Security officers were stationed around the tent city, barred Jewish UCLA community members from entering without “an approved wristband” and allowed bike racks to be used to seal the demonstrators off from the rest of campus, noted Becket president Mark Rienzi.
“The plaintiffs brought this suit because they were victims of abhorrent and unimaginably bad antisemitism on a public university campus,” Rienzi told The Post. “That kind of bending the knee to the antisemites is impermissible … We should never see that again in America, and I hope we never will.”
Last August, a Los Angeles federal judge tore into UCLA’s Board of Regents for denying it had a responsibility to protect Jewish students, granting Frankel and other plaintiffs a preliminary injunction to maintain equal access to the school’s programs and activities.
“In the year 2024, in the United States of America, in the State of California, in the City of Los Angeles, Jewish students were excluded from portions of the UCLA campus because they refused to denounce their faith,” wrote US District Judge Mark Scarsi in a scathing, 16-page order (italics original).
“This fact is so unimaginable and so abhorrent to our constitutional guarantee of religious freedom that it bears repeating, Jewish students were excluded from portions of the UCLA campus because they refused to denounce their faith,” the judge added.
A subsequent report released by UCLA’s interim chancellor in October 2024 confirmed that antisemitism had been allowed to fester on campus.
Tuesday’s consent judgment echoes Scarsi’s order last year in stating: “For purposes of this order, all references to the exclusion of Jewish students, faculty, and/or staff shall include exclusion of Jewish students, faculty, and/or staff based on religious beliefs concerning the Jewish state of Israel.”
President Trump’s Department of Justice issued a statement of interest in the case this past March after UCLA moved to dismiss the complaint.
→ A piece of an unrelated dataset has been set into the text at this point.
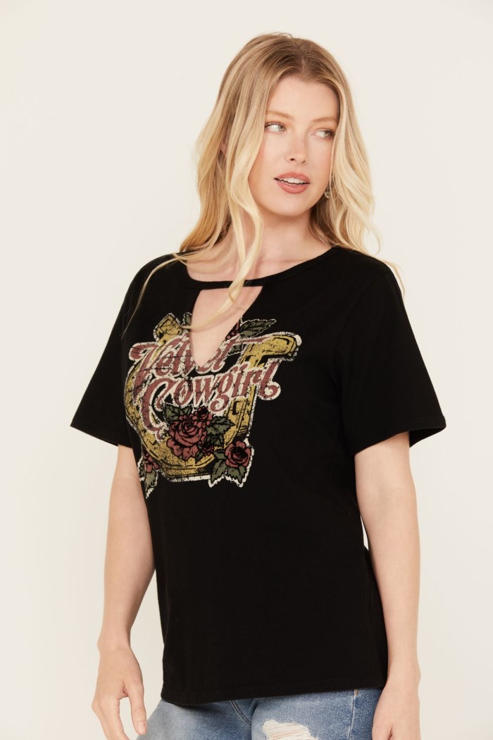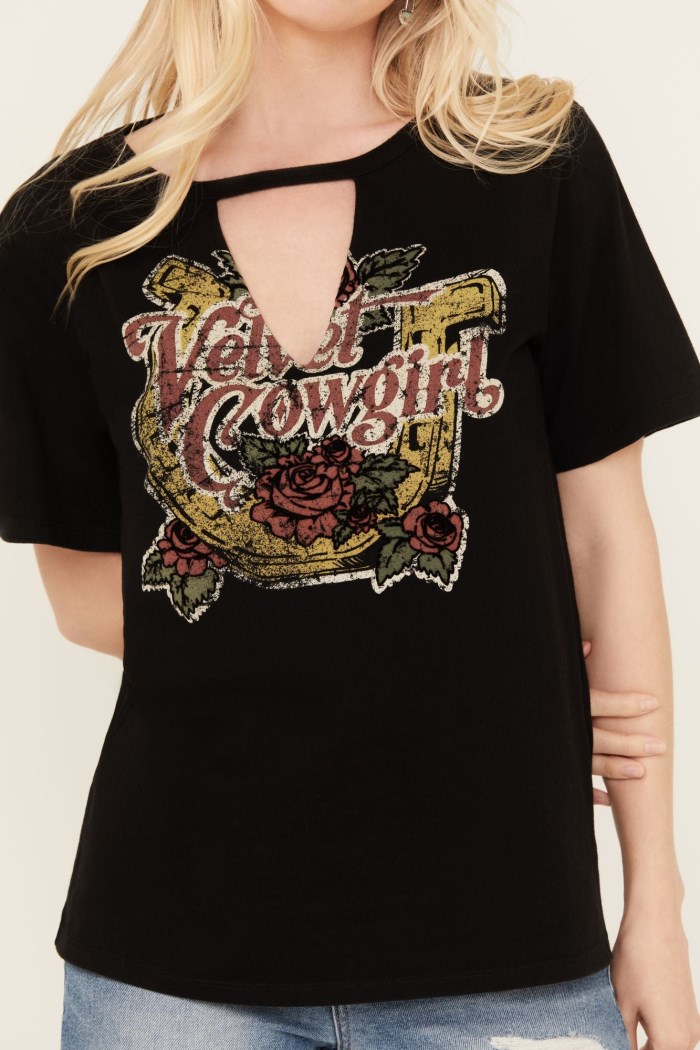 - "Velvet Cowgirl" with horseshoe and rose vintage graphic on front with velvet details

The US Department of Education’s Office of Civil Rights also investigated discrimination complaints against UCLA last year, while the Anti-Defamation League gave the school a “D” letter grade for its handling of antisemitism on campus.
“Antisemitism has no place at UCLA and we remain steadfast in our commitment to eradicating it from our community,” said Mary Osako, UCLA Vice Chancellor for Strategic Communications, in a statement.
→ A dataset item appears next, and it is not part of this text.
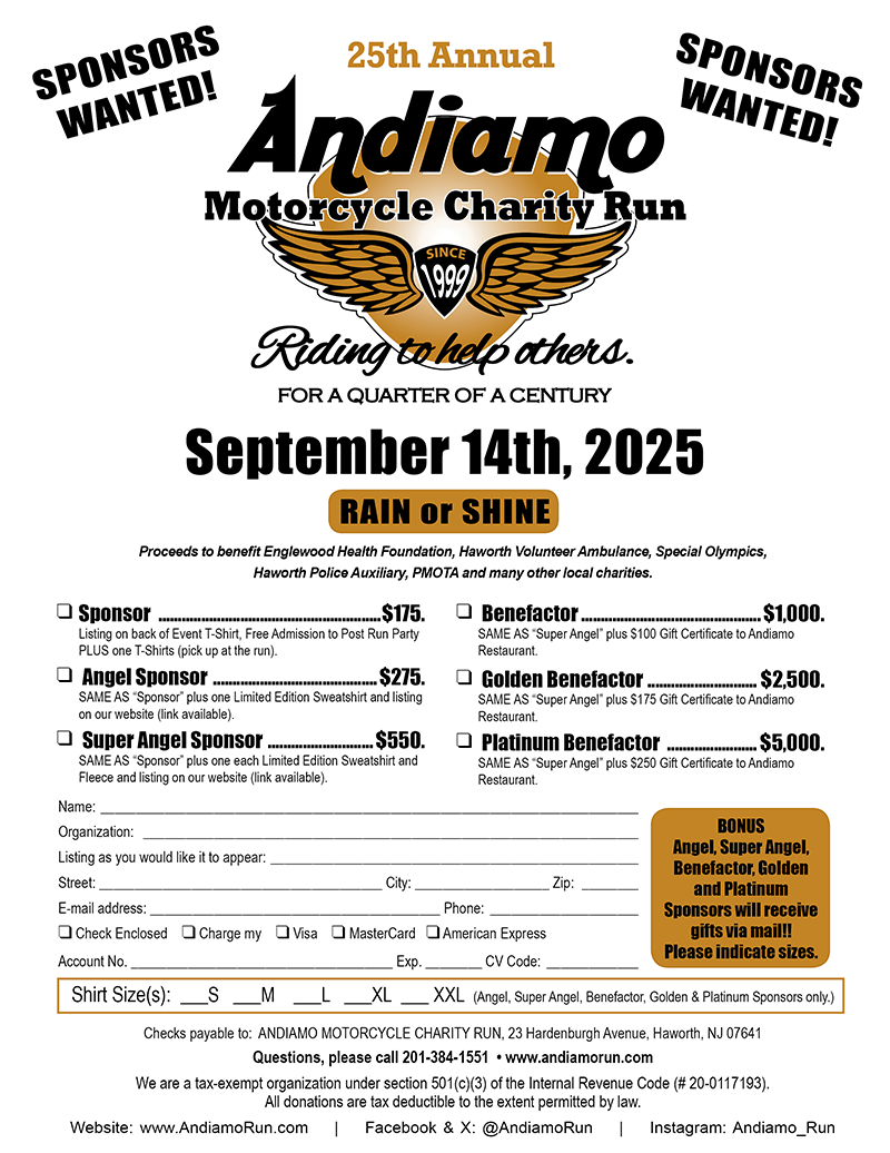 to become a sponsor at any level or for more information contact us Phone: 201-384-1551 or e-mail: info@andiamorun.com

“We have reflected candidly on our progress and are working to expunge antisemitism from our community in its entirety,” Osako added. “We have taken concrete action to enhance campus safety by creating a new Office of Campus and Community Safety, instituting new policies to manage protests on campus, and taking decisive action for conduct that violates our longstanding policies.
“These efforts have been supplemented by our continuing work to eliminate antisemitism completely and definitively through our Initiative to Combat Antisemitism,” she also said. “This work, and today’s settlement, represent an important next step as we build upon our past efforts and stride toward fulfilling our promise of being an exemplary university.”
Hillel at UCLA Executive Director Daniel Gold called the settlement “an important and meaningful step forward in addressing the very serious challenges that Jewish students have faced at UCLA.”
“There is still much more work left to be done to build a safer, more welcoming, and more supportive campus that is free from antisemitic harassment and intimidation, and we look forward to working closely with the university and the UC system to counter antisemitism and bias at every turn,” Gold said.
“As the central address for Jewish life on campus, Hillel at UCLA works tirelessly every day to nurture our vibrant Jewish community. The settlement’s resources for Hillel and other Jewish organizations will support our efforts to make UCLA a great environment for Jewish Bruins, and all Bruins.”